Latest revision as of 16:43, 26 January 2023

Problem

A frog is positioned at the origin of the coordinate plane. From the point $(x, y)$, the frog can jump to any of the points $(x + 1, y)$, $(x + 2, y)$, $(x, y + 1)$, or $(x, y + 2)$. Find the number of distinct sequences of jumps in which the frog begins at $(0, 0)$ and ends at $(4, 4)$.

Solution 1

We solve this problem by working backwards. Notice, the only points the frog can be on to jump to $(4,4)$ in one move are $(2,4),(3,4),(4,2),$ and $(4,3)$. This applies to any other point, thus we can work our way from $(0,0)$ to $(4,4)$, recording down the number of ways to get to each point recursively.

$(0,0): 1$

$(1,0)=(0,1)=1$

$(2,0)=(0, 2)=2$

$(3,0)=(0, 3)=3$

$(4,0)=(0, 4)=5$

$(1,1)=2$, $(1,2)=(2,1)=5$, $(1,3)=(3,1)=10$, $(1,4)=(4,1)= 20$

$(2,2)=14, (2,3)=(3,2)=32, (2,4)=(4,2)=71$

$(3,3)=84, (3,4)=(4,3)=207$

$(4,4)=2\cdot \left( (4,2)+(4,3)\right) = 2\cdot \left( 207+71\right)=2\cdot 278=\boxed{556}$

A diagram of the numbers:

[asy] import graph; add(shift(0,0)*grid(4,4)); label((0,0), "1", SW); label((1,0), "1", SW); label((2,0), "2", SW); label((3,0), "3", SW); label((4,0), "5", SW);  label((0,1), "1", SW); label((1,1), "2", SW); label((2,1), "5", SW); label((3,1), "10", SW); label((4,1), "20", SW);  label((0,2), "2", SW); label((1,2), "5", SW); label((2,2), "14", SW); label((3,2), "32", SW); label((4,2), "71", SW);  label((0,3), "3", SW); label((1,3), "10", SW); label((2,3), "32", SW); label((3,3), "84", SW); label((4,3), "207", SW);  label((0,4), "5", SW); label((1,4), "20", SW); label((2,4), "71", SW); label((3,4), "207", SW); label((4,4), "556", SW); [/asy]

~First

Solution 2

We'll refer to the moves $(x + 1, y)$, $(x + 2, y)$, $(x, y + 1)$, and $(x, y + 2)$ as $R_1$, $R_2$, $U_1$, and $U_2$, respectively. Then the possible sequences of moves that will take the frog from $(0,0)$ to $(4,4)$ are all the permutations of $U_1U_1U_1U_1R_1R_1R_1R_1$, $U_2U_1U_1R_1R_1R_1R_1$, $U_1U_1U_1U_1R_2R_1R_1$, $U_2U_1U_1R_2R_1R_1$, $U_2U_2R_1R_1R_1R_1$, $U_1U_1U_1U_1R_2R_2$, $U_2U_2R_2R_1R_1$, $U_2U_1U_1R_2R_2$, and $U_2U_2R_2R_2$. We can reduce the number of cases using symmetry.

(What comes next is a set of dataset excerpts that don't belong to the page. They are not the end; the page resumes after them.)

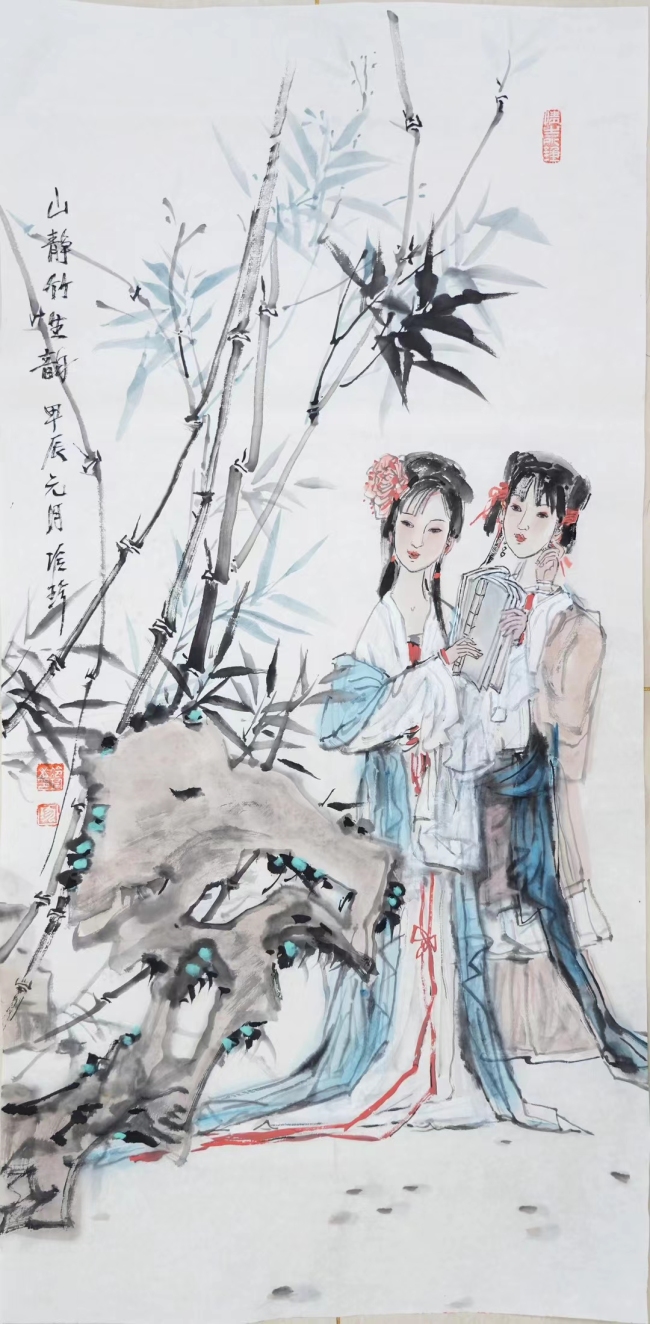 “我叫冷珍,是山东女书画家协会的副主席,今天非常荣幸能到文化世界来,这不是第一次,以前我和爱人一块儿来过,我的绘画主要是表现女性题材为主,既有古代女性,更多是现代女性,包括少数民族女性、女军人、健康知识分子女孩等等。我今天画的两位‘女神’是古代女性,通常定义为仕女,配景为青竹和赏石。
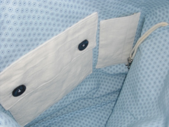 Vesken har nøkkelkrok og to lommer innvendig. En mobillomme og en stor lomme som lukkes med knapper.
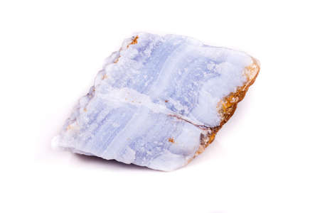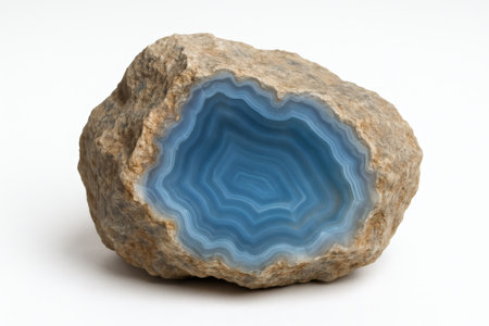 Chalcedony Gemstone Slice on White Background. Crystal, jewelry, gemstone, blue gem, luxury gem, photorealistic
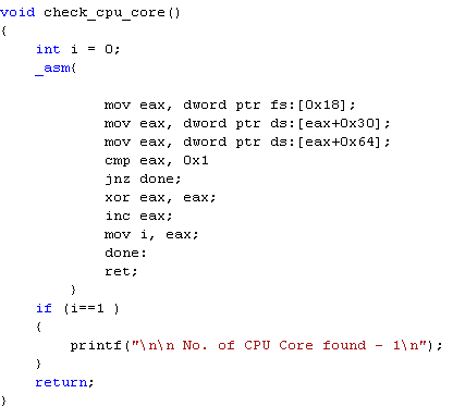 还有其他方法能够获取CPU核心数,更为隐蔽的方法是访问PEB,可以引入如下内联汇编代码或者使用内部函数来实现:

Case 1: $U_1U_1U_1U_1R_1R_1R_1R_1$

There are $\frac{8!}{4!4!} = 70$ possibilities for this case.

Case 2: $U_2U_1U_1R_1R_1R_1R_1$ or $U_1U_1U_1U_1R_2R_1R_1$

There are $2 \cdot \frac{7!}{4!2!} = 210$ possibilities for this case.

Case 3: $U_2U_1U_1R_2R_1R_1$

There are $\frac{6!}{2!2!} = 180$ possibilities for this case.

Case 4: $U_2U_2R_1R_1R_1R_1$ or $U_1U_1U_1U_1R_2R_2$

There are $2 \cdot \frac{6!}{2!4!} = 30$ possibilities for this case.

Case 5: $U_2U_2R_2R_1R_1$ or $U_2U_1U_1R_2R_2$

There are $2 \cdot \frac{5!}{2!2!} = 60$ possibilities for this case.

Case 6: $U_2U_2R_2R_2$

There are $\frac{4!}{2!2!} = 6$ possibilities for this case.

Adding up all these cases gives us $70+210+180+30+60+6=\boxed{556}$ ways.

Solution 3 (General Case)

Mark the total number of distinct sequences of jumps for the frog to reach the point $(x,y)$ as $\varphi (x,y)$. Consider for each point $(x,y)$ in the first quadrant, there are only $4$ possible points in the first quadrant for frog to reach point $(x,y)$, and these $4$ points are \[(x-1,y); (x-2,y); (x,y-1); (x,y-2)\]. As a result, the way to count $\varphi (x,y)$ is \[\varphi (x,y)=\varphi (x-1,y)+\varphi (x-2,y)+\varphi (x,y-1)+\varphi (x,y-2)\]

Also, for special cases, \[\varphi (0,y)=\varphi (0,y-1)+\varphi (0,y-2)\]

\[\varphi (x,0)=\varphi (x-1,0)+\varphi (x-2,0)\]

\[\varphi (x,1)=\varphi (x-1,1)+\varphi (x-2,1)+\varphi (x,0)\]

\[\varphi (1,y)=\varphi (1,y-1)+\varphi (1,y-2)+\varphi (0,y)\]

\[\varphi (1,1)=\varphi (1,0)+\varphi (0,1)\]

Start with $\varphi (0,0)=1$, use this method and draw the figure below, we can finally get \[\varphi (4,4)=556\] (In order to make the LaTeX thing more beautiful to look at, I put $0$ to make every number $3$ digits)

\[005-020-071-207-\boxed{556}\] \[003-010-032-084-207\] \[002-005-014-032-071\] \[001-002-005-010-020\] \[001-001-002-003-005\]

So the total number of distinct sequences of jumps for the frog to reach $(4,4)$ is $\boxed {556}$.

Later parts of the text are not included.